* **Problem details**: Your answer is the lines below, exactly, from the one that contains "2025年10月11日(土)" through the one that contains "Direcția Generală de", both included.

* **Data for analysis**:

*** Begin section ***

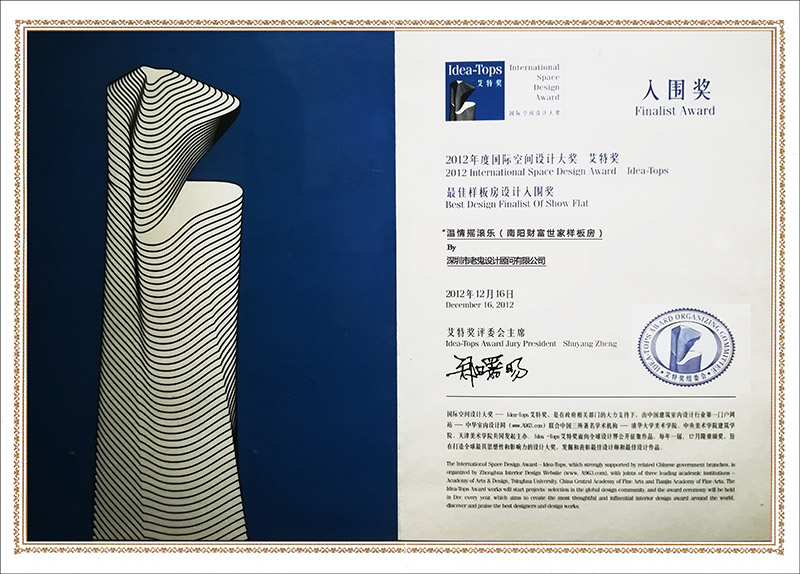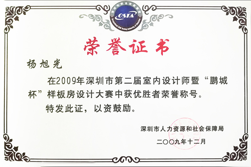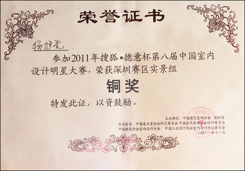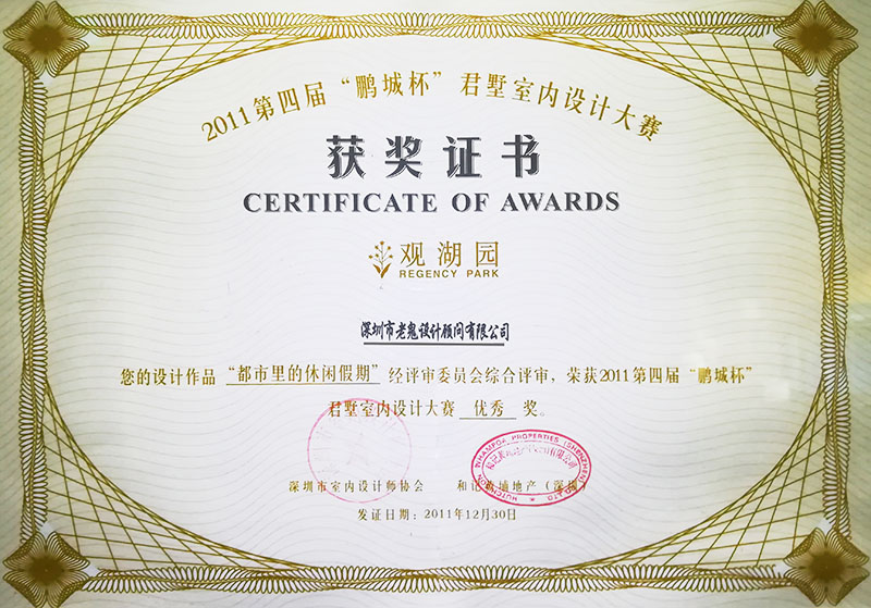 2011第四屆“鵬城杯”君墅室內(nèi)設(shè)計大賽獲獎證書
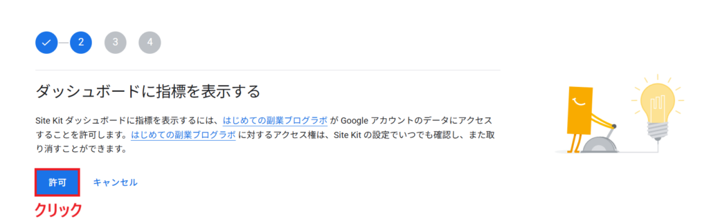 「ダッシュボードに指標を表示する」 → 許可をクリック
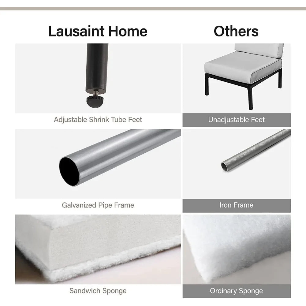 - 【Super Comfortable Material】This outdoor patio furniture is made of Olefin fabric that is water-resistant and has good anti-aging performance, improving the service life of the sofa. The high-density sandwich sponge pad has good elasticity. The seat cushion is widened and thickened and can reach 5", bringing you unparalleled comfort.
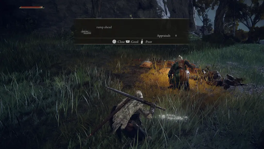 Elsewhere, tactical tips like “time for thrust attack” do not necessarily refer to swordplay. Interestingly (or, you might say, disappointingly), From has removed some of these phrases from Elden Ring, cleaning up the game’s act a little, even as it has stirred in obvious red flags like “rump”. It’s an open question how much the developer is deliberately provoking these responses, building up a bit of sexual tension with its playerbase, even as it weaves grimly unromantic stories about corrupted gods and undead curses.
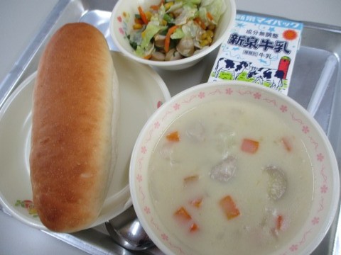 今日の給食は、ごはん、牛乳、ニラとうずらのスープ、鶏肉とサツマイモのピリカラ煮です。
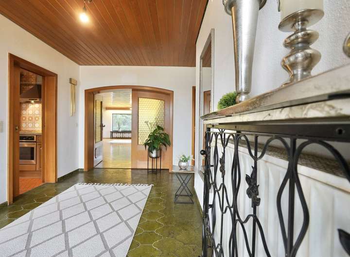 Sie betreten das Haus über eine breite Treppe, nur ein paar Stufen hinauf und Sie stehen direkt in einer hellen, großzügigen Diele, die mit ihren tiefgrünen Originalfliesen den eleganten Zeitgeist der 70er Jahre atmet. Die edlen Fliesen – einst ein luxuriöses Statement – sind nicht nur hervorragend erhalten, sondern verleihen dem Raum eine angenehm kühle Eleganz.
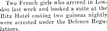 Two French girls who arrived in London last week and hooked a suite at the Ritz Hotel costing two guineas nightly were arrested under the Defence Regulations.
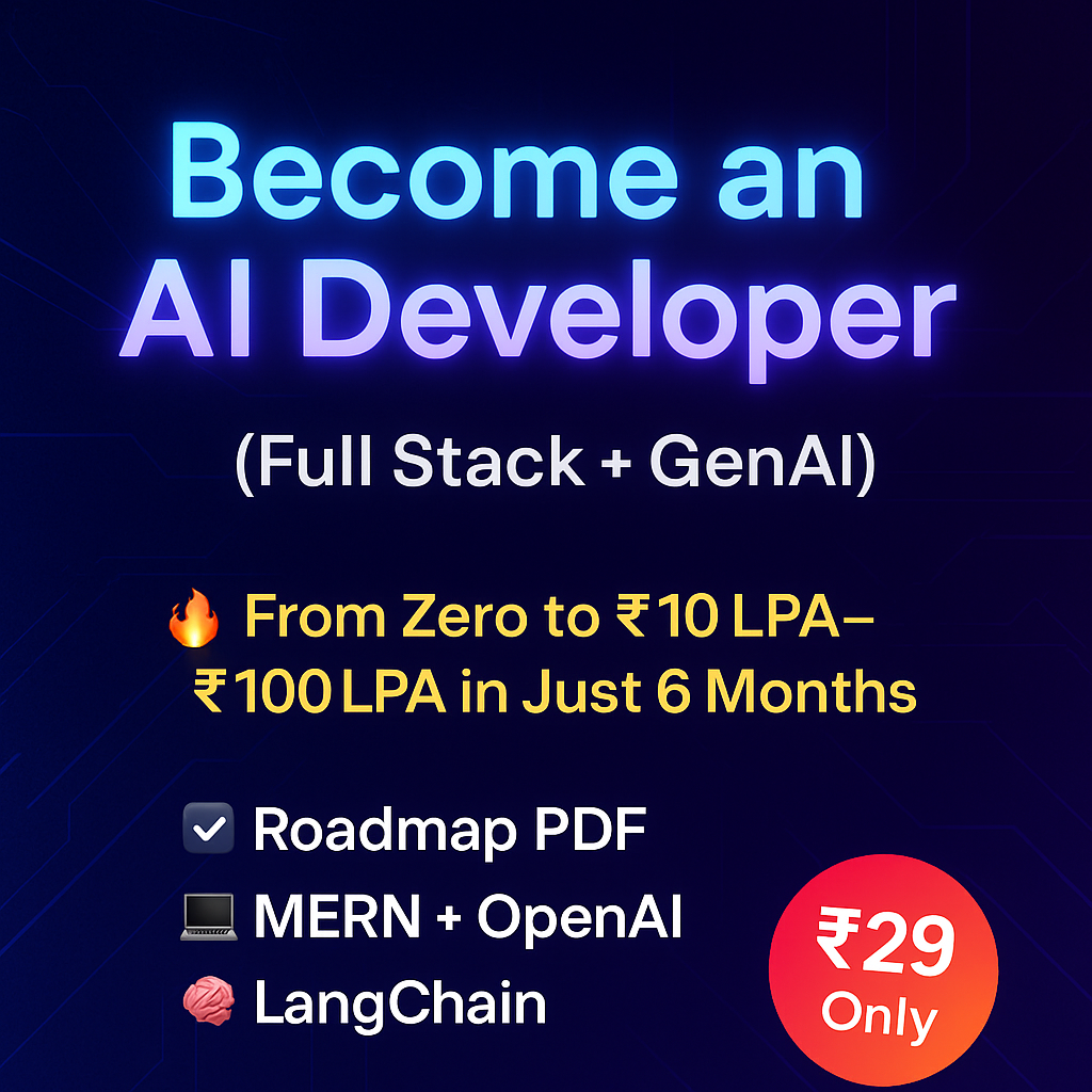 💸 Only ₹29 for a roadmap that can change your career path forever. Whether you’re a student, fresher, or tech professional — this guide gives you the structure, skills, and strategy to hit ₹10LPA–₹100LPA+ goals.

*** End section ***
*** Begin section ***

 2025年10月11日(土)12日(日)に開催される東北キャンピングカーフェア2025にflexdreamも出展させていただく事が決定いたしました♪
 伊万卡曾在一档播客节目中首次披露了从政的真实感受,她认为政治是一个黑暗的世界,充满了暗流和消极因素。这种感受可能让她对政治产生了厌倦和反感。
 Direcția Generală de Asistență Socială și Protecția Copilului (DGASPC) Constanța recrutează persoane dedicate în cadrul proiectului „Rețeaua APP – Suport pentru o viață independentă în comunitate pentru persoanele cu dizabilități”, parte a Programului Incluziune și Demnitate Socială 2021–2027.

*** End section ***

* **Written solution**:
 2025年10月11日(土)12日(日)に開催される東北キャンピングカーフェア2025にflexdreamも出展させていただく事が決定いたしました♪
 伊万卡曾在一档播客节目中首次披露了从政的真实感受,她认为政治是一个黑暗的世界,充满了暗流和消极因素。这种感受可能让她对政治产生了厌倦和反感。
 Direcția Generală de Asistență Socială și Protecția Copilului (DGASPC) Constanța recrutează persoane dedicate în cadrul proiectului „Rețeaua APP – Suport pentru o viață independentă în comunitate pentru persoanele cu dizabilități”, parte a Programului Incluziune și Demnitate Socială 2021–2027.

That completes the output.